実際に手を付けるべき費目としては、趣味娯楽費や雑費、家族のこづかいなど。具体的には、海に行く回数を減らすといったことです。食費に含まれるビールも、見直しの対象となります。そこまでと思われるかもしれませんが、そのくらいのことをしていく必要はあると考えます。月1万5000円は年間で18万円にもなるのですから。
長男の方の学資保険を中途解約し、下の2人のお子さんの児童手当も実質、貯蓄に回っていない。その状況はやはりきびしいと言わざるを得ません。
アドバイス2 他大学も含め、進学については再考を
どのくらい貯められるかですが、当面の目標は月額6万円。加えてボーナスから半分の28万円。これで年間100万円となります。クルマのローンを完済したり、下のお子さんが小学校に上がれば、その分、教育費は減るので、さらに貯蓄アップも可能でしょう。ただし、それだけ貯めても追いつかないのが、長男の方の学費です。美大を希望されていて、目指している私立美大の4年間の学費が640万円となります。年間貯蓄100万円を卒業するまでの7年間続けたとして700万円。受験に際して、専門の予備校や教室に通う可能性も考えれば、その7年間で貯蓄がほぼ底をつきます。
また、学費免除制度はいいとして、奨学金を安易に利用すべきではありません。
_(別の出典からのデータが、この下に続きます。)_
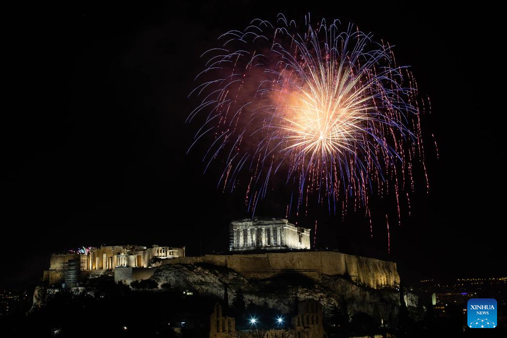 Fireworks explode by the Acropolis during the New Year celebrations in Athens, Greece, Jan. 1, 2022. (Xinhua/Marios Lolos)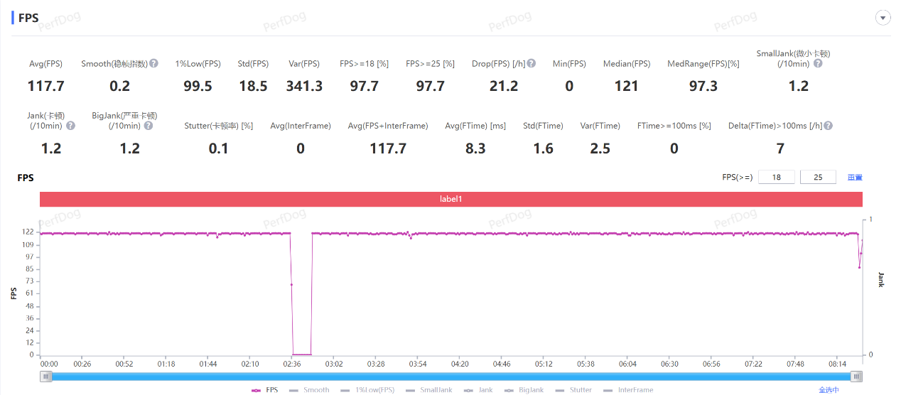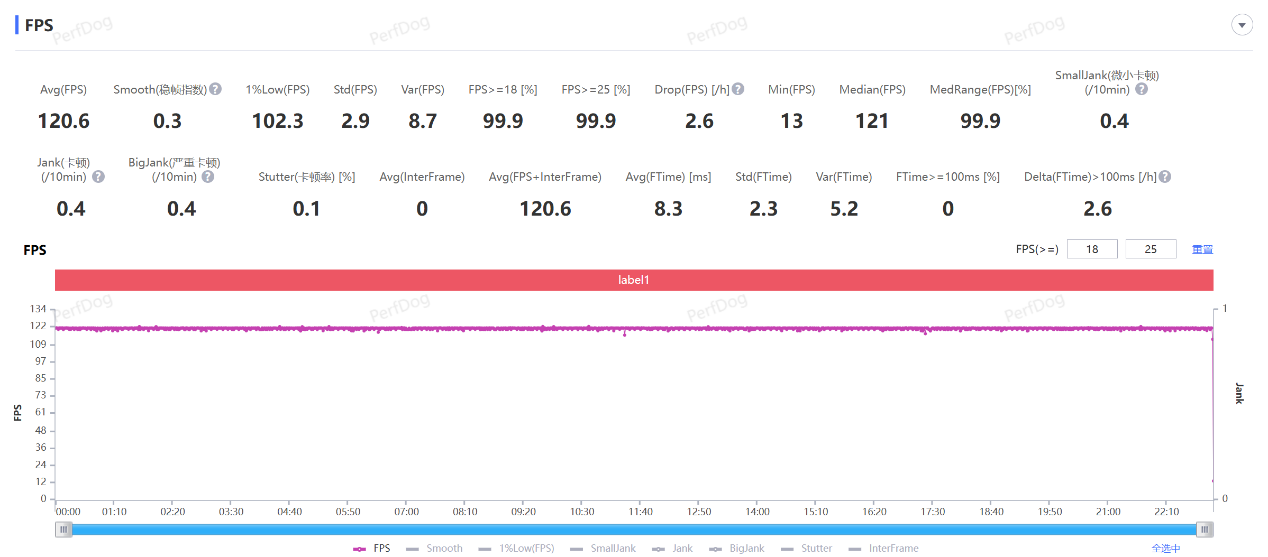 去除一局超短时间对局,其余 5 局的游戏平均帧数基本都是 120 帧,表现非常稳定。

学生でありながら、数百万円の借金をお子さんが背負うわけです。社会人になってから少しずつ返済するとは言っても、その負担はかなりのものと考えてください。たとえば、同じ美大でも公立という選択肢はないのでしょうか。たとえば、お住まいから比較近い愛知県立芸術大学だと、卒業までの学費は半分以下で済みます(※)。
もちろん、その私大を目指す理由があるかもしれません。しかし、学費を用意することが現実的に難しいことは確かです。選択肢を広げ、また学費免除制度もよく調べた上で、美大進学を考えてみてください。
アドバイス3 無理なく購入できる物件で検討すべき
家計を貯蓄モードにして、仮に長男の方の大学費用が半分(300万円程度)に抑えられたしましょう。それで、家計も落ち着き、貯蓄ペースも年間100万円から落ちていないのであれば、住宅購入も現実味を帯びてきます。ただ、希望されている2500万円程度の一戸建てはきびしいと言わざるを得ません。実際の購入時期にはご主人が40代半ばとなっていますから、リスクなくローンを組むには、返済期間は20年以内としたいところ。1000万円を金利2.0%で借り入れると、20年返済で毎月の返済額は現在の家賃並みの5万円。自己資金が300万円用意できるなら、1200万円の物件(諸費用として別途100万円)が無理なく購入できるということになります。
借入額を2000万円とすれば、返済額も倍の月額10万2000円ほど。さらに600万円の自己資金を用意しないと、2500万円の物件は購入できません。下のお子さんの教育費もあります。できるだけ自己資金を貯めながら、広範囲に中古物件を探していくことが必要となるでしょう。
最後に、下のお子さん2人関しては、学資保険に加入してもいいと思います。強制的に、かつ計画的に貯蓄してくれるということで、一定の効果が期待できます。過去に解約もされましたが、きっちり貯蓄ペースが確立してくれば、そういうこともないはずです。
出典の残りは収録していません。